EXERCISE MATERIALS: Begin
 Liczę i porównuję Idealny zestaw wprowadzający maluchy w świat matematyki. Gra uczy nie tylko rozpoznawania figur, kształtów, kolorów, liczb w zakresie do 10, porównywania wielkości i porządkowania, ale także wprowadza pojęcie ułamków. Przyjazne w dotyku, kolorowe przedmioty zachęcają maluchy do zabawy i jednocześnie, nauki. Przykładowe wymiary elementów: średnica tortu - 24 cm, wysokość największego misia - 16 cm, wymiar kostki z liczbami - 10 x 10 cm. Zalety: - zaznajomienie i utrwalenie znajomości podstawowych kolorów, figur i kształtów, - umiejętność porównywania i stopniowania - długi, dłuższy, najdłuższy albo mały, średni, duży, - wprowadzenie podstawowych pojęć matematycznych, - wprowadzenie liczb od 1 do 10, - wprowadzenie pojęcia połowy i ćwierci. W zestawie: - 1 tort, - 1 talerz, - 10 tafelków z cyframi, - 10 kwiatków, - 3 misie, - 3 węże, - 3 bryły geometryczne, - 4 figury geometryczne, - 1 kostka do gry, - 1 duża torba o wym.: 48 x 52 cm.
EXERCISE MATERIALS: End
EXERCISE MATERIALS: Begin
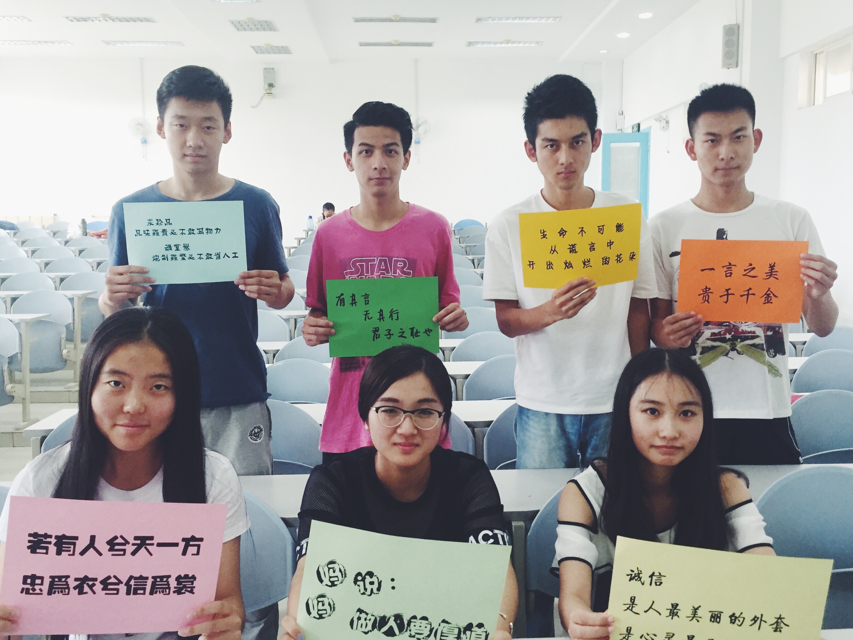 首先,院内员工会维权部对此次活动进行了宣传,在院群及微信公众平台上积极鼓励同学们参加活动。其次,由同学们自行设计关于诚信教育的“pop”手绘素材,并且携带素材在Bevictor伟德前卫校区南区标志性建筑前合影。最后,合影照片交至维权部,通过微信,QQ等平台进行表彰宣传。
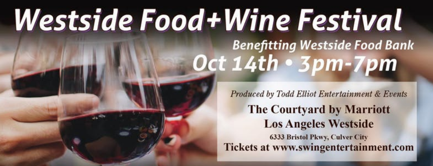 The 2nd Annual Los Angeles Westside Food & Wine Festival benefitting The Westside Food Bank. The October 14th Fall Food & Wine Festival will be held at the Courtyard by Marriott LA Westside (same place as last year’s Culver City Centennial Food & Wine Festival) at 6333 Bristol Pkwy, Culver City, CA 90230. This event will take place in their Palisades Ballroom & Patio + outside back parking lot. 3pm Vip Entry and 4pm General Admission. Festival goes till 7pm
EXERCISE MATERIALS: End
TASK TO COMPLETE: What is needed is an exact copy of the lines above from the one with "首先,院内员工会维权部对此次" to the one with "The 2nd Annual", both ends kept, and nothing more; please leave the pictures out.

ANSWER BELOW:
 首先,院内员工会维权部对此次活动进行了宣传,在院群及微信公众平台上积极鼓励同学们参加活动。其次,由同学们自行设计关于诚信教育的“pop”手绘素材,并且携带素材在Bevictor伟德前卫校区南区标志性建筑前合影。最后,合影照片交至维权部,通过微信,QQ等平台进行表彰宣传。
 The 2nd Annual Los Angeles Westside Food & Wine Festival benefitting The Westside Food Bank. The October 14th Fall Food & Wine Festival will be held at the Courtyard by Marriott LA Westside (same place as last year’s Culver City Centennial Food & Wine Festival) at 6333 Bristol Pkwy, Culver City, CA 90230. This event will take place in their Palisades Ballroom & Patio + outside back parking lot. 3pm Vip Entry and 4pm General Admission. Festival goes till 7pm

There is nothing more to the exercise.